### [PROBLEM TO WORK ON]
Return all of the listing word for word; the pictures stay out.

──────── COLLECTED MATERIAL

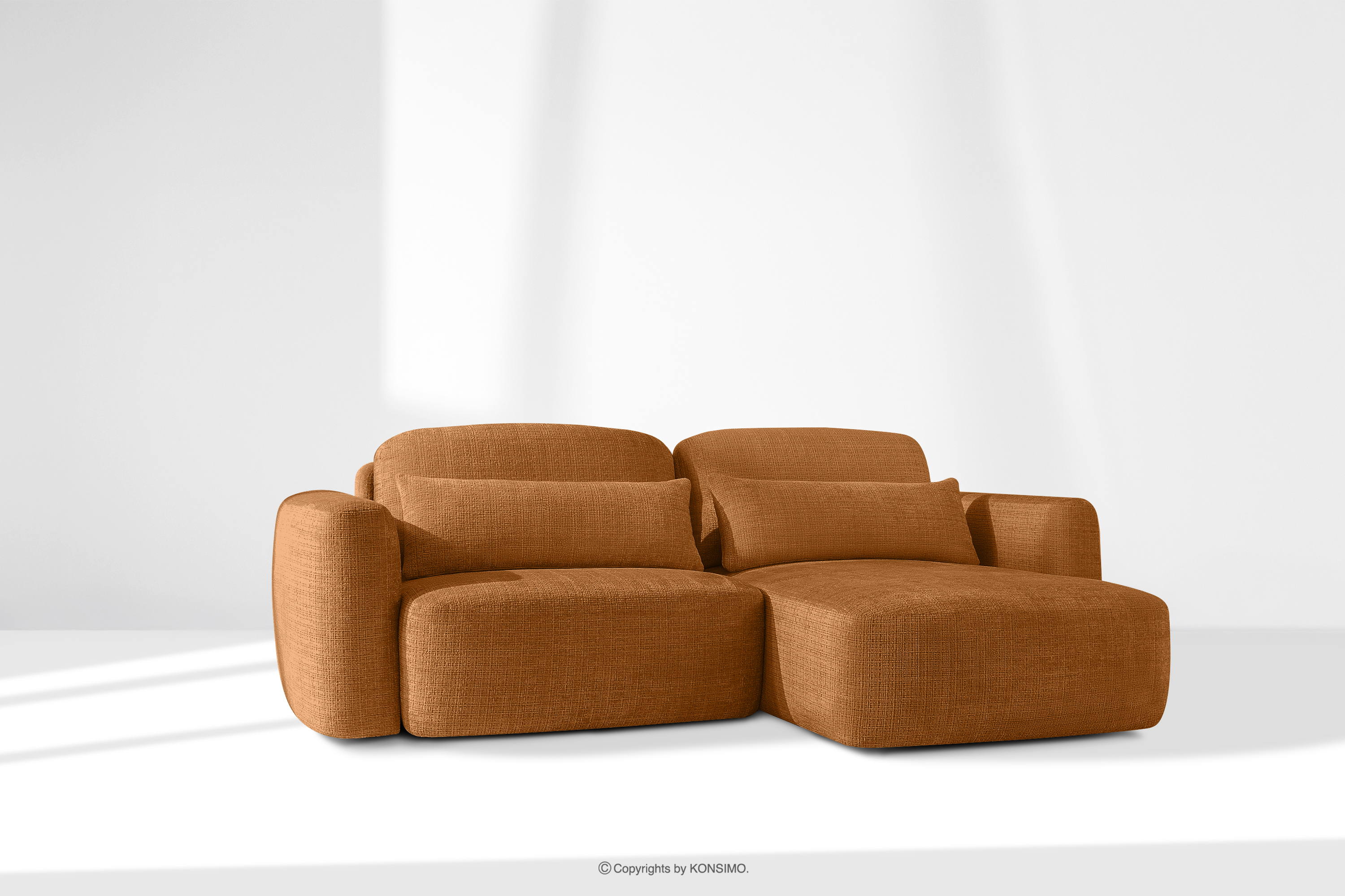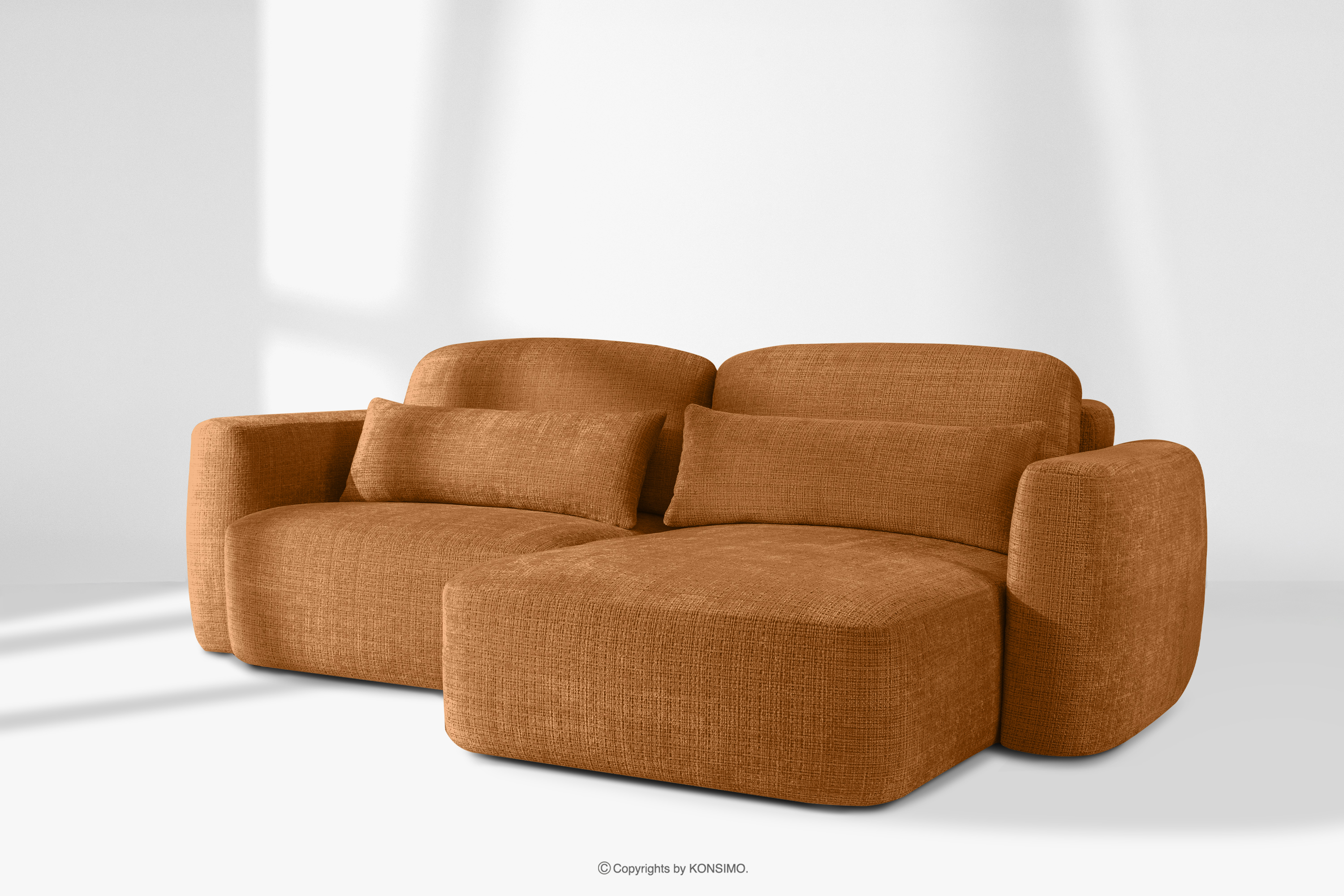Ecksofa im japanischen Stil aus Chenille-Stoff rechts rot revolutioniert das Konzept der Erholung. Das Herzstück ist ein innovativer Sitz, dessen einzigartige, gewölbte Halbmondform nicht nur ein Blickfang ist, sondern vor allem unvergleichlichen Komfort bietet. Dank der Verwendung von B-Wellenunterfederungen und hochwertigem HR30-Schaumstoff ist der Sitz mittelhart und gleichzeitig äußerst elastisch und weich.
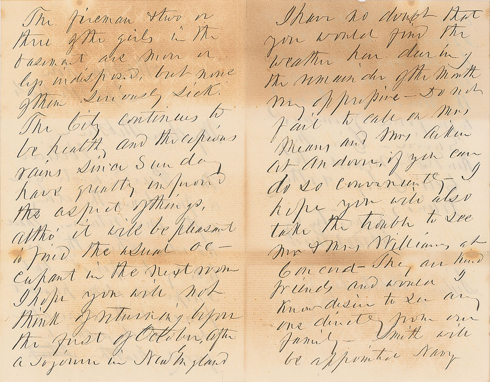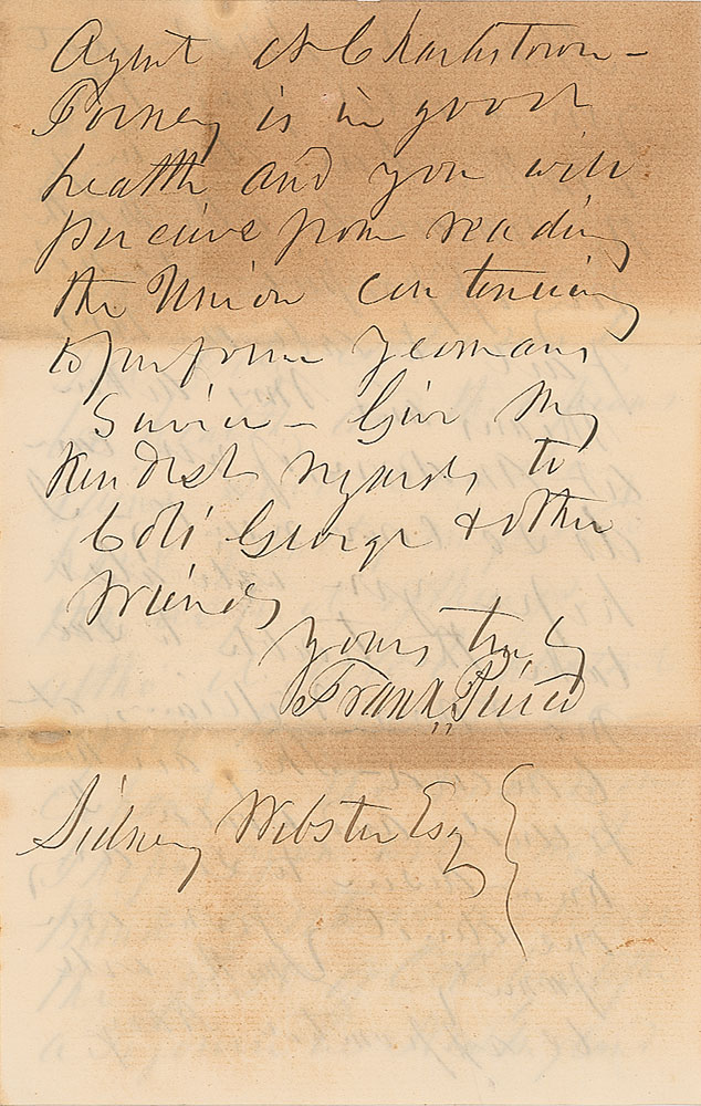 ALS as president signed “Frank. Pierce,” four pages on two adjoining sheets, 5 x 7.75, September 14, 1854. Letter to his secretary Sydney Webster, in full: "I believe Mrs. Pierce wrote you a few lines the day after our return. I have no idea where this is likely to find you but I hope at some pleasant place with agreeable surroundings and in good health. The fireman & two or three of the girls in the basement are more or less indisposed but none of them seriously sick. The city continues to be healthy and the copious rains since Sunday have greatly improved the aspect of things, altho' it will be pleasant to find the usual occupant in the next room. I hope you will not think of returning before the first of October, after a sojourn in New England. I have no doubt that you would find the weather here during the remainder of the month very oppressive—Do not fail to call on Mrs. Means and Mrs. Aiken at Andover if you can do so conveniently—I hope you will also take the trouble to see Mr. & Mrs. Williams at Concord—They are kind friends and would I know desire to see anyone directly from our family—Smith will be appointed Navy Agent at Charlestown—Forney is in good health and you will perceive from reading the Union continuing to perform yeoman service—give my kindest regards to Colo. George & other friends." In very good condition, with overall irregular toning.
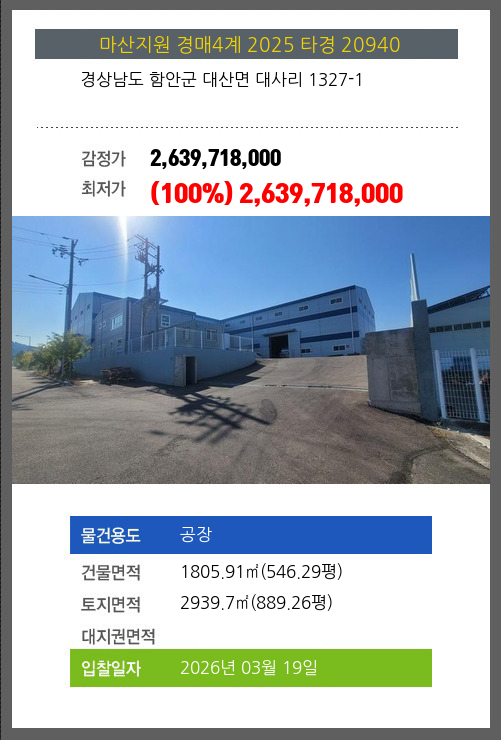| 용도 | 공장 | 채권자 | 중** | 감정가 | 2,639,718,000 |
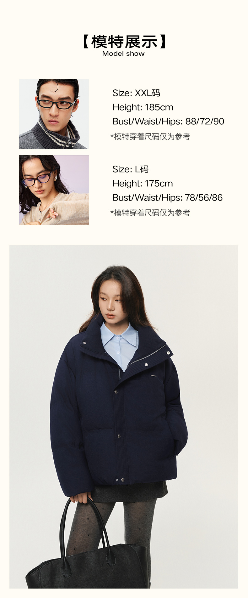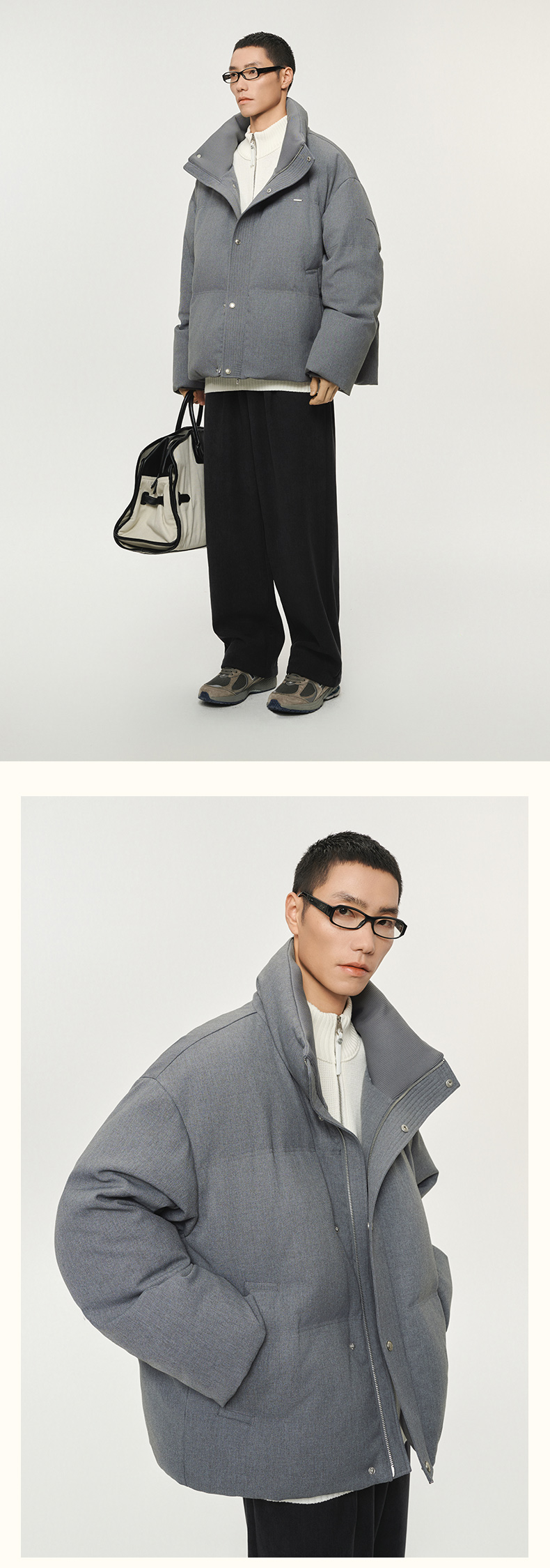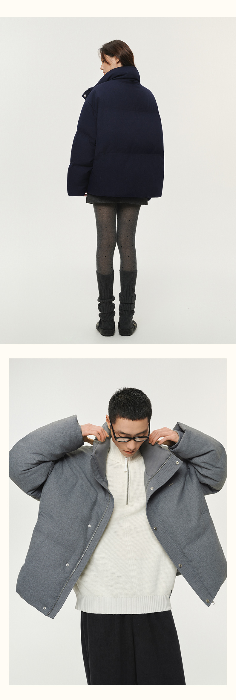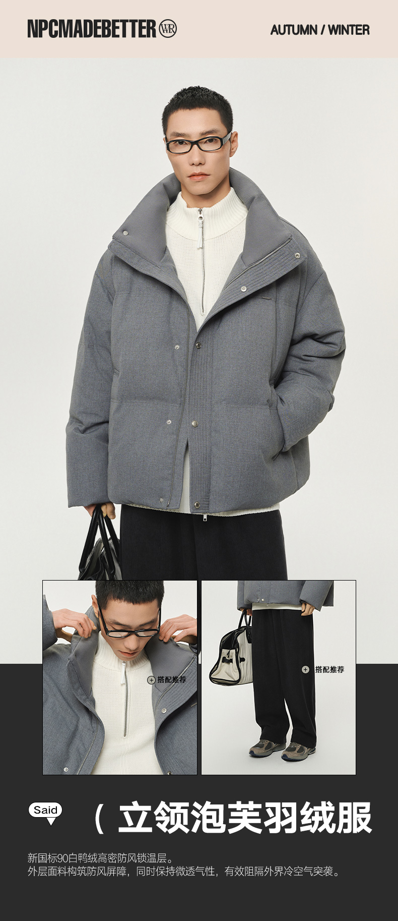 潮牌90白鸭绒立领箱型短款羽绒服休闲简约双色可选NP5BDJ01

────────────────

### [RESPONSE]
Ecksofa im japanischen Stil aus Chenille-Stoff rechts rot revolutioniert das Konzept der Erholung. Das Herzstück ist ein innovativer Sitz, dessen einzigartige, gewölbte Halbmondform nicht nur ein Blickfang ist, sondern vor allem unvergleichlichen Komfort bietet. Dank der Verwendung von B-Wellenunterfederungen und hochwertigem HR30-Schaumstoff ist der Sitz mittelhart und gleichzeitig äußerst elastisch und weich.
 ALS as president signed “Frank. Pierce,” four pages on two adjoining sheets, 5 x 7.75, September 14, 1854. Letter to his secretary Sydney Webster, in full: "I believe Mrs. Pierce wrote you a few lines the day after our return. I have no idea where this is likely to find you but I hope at some pleasant place with agreeable surroundings and in good health. The fireman & two or three of the girls in the basement are more or less indisposed but none of them seriously sick. The city continues to be healthy and the copious rains since Sunday have greatly improved the aspect of things, altho' it will be pleasant to find the usual occupant in the next room. I hope you will not think of returning before the first of October, after a sojourn in New England. I have no doubt that you would find the weather here during the remainder of the month very oppressive—Do not fail to call on Mrs. Means and Mrs. Aiken at Andover if you can do so conveniently—I hope you will also take the trouble to see Mr. & Mrs. Williams at Concord—They are kind friends and would I know desire to see anyone directly from our family—Smith will be appointed Navy Agent at Charlestown—Forney is in good health and you will perceive from reading the Union continuing to perform yeoman service—give my kindest regards to Colo. George & other friends." In very good condition, with overall irregular toning.
| 용도 | 공장 | 채권자 | 중** | 감정가 | 2,639,718,000 |
 潮牌90白鸭绒立领箱型短款羽绒服休闲简约双色可选NP5BDJ01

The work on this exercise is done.